Our trip started with me picking up John at Dulles Airport as he deplaned from a cross-country flight from San Francisco. Conventional wisdom would have suggested that we wait until Saturday the 2nd to get going on our trip, give the poor man a chance to catch his breath, etc. Nothing doing. I was hell-bent on getting on the road as soon as possible. Americans don’t get enough vacation time, I was going to make every minute count.

By about 4:00 pm we were headed up Route 15. Although the road was only two lanes and little slow, I was overjoyed to avoid the I-95 corridor. The drive in Virginia also passed through some beautiful, rolling hills with horse pastures, vineyards and for a bit, a minimum of sprawl. It was nice to have pretty stuff to look at seeing as John had a little trouble separating himself from his work. He spent the first hour of the trip on his Blackberry tying up a whole lot of loose ends. Later we went through beautful farm country in Maryland and equally beautiful landscapes in Pennsylvania before it got too dark to see anything.

We cheered as we crossed the Mason-Dixon Line. A Yankee at heart (and by birth) it felt good to be heading north. (I don’t care much where my ashes are sprinkled when I die, but I must admit that my will makes it clear that it should be in a state or territory that fought on the side of the Union.)

We made great time stopping at Dairy Queen along the way and making Ithaca by about 11:40 pm. As every American must know it ain’t a road trip until you stop at the DQ. Also, having no DQs in DC (why?!) it is hard for me to pass one up…

RoadTrip Part I: The Itinerary

I am too lazy to figure out a good way to keep this all in chronological order without having one giant post that includes everything. So I will stick with my previous method which is to post them in chron order realizing that readers will have to go back and follow the part numbers (or read them in reverse chron order, but that way you might miss something)…

We had a fabulous time taking 17 days to make our way through some of the prettiest countryside in the Northeast.

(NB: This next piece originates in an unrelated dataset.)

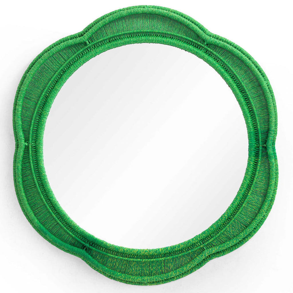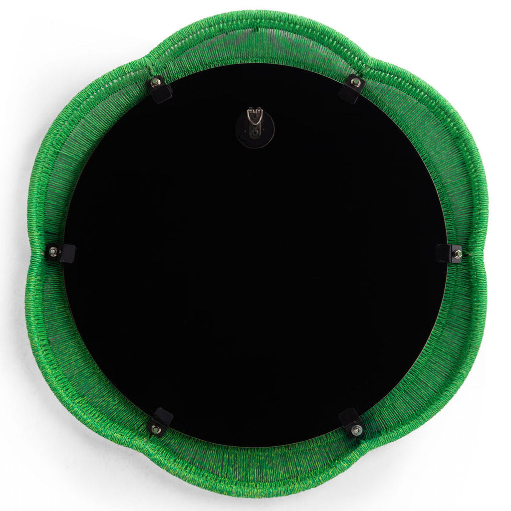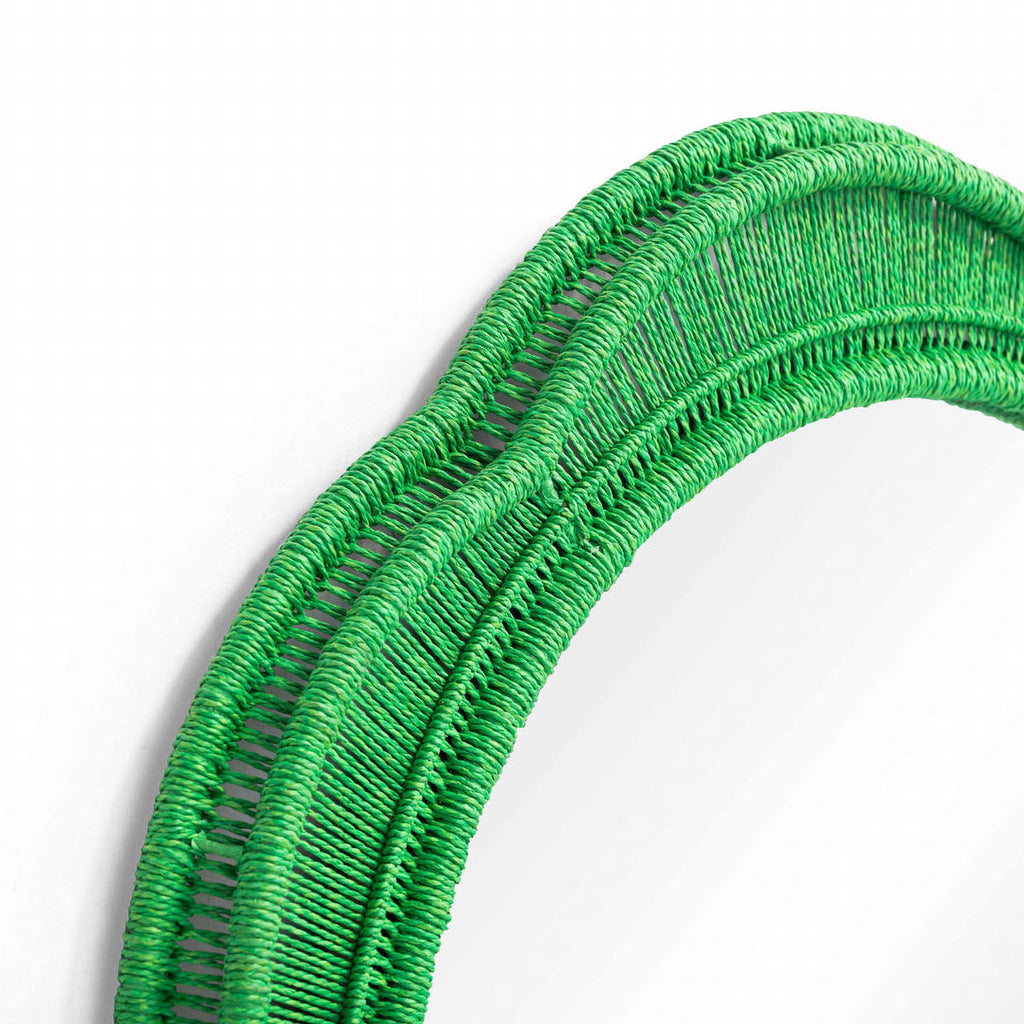 The Zeva Wall Mirror is a striking blend of artistry and bold color, featuring a hand-wrapped spun paper cord frame in green, red, or blue. At 20", it is the perfect statement piece, adding depth and drama to any space.

There was a time earlier this year when I felt like a road trip was kind of a boring vacation. Not that I didn’t want to do it, but at work I was planning trips to Italy, Japan, Tahiti, and a hundred other places for other people. A road trip just seemed a bit of a let down. I couldn’t have been more wrong. The whole trip was amazing and we both wish we were still on the road.

So this was the path we took:

1 Aug: DC to Ithaca, New York
2 Aug: Ithaca
3 Aug: Ithaca
4 Aug: Ithaca to Elk Lake in the Adirondacks
5 Aug: Elk Lake
6 Aug: Elk Lake
7 Aug: Elk Lake to Woodstock, Vermont (with a dip into New Hampshire)
8 Aug: Woodstock to Great Barrington, Massachusetts in the Berkshires
9 Aug: Great Barrington
10 Aug: Great Barrington
11 Aug: Great Barrington to Hudson, New York
12 Aug: Hudson to Hyde Park via Connecticut
13 Aug: Hyde Park to Tarrytown, New York
14 Aug: Tarrytown
15 Aug: Tarrytown to Philadelphia
16 Aug: Philadelphia
17 Aug: Philadelphia to DC

It turned out to be about 2,000 miles when all was said and done.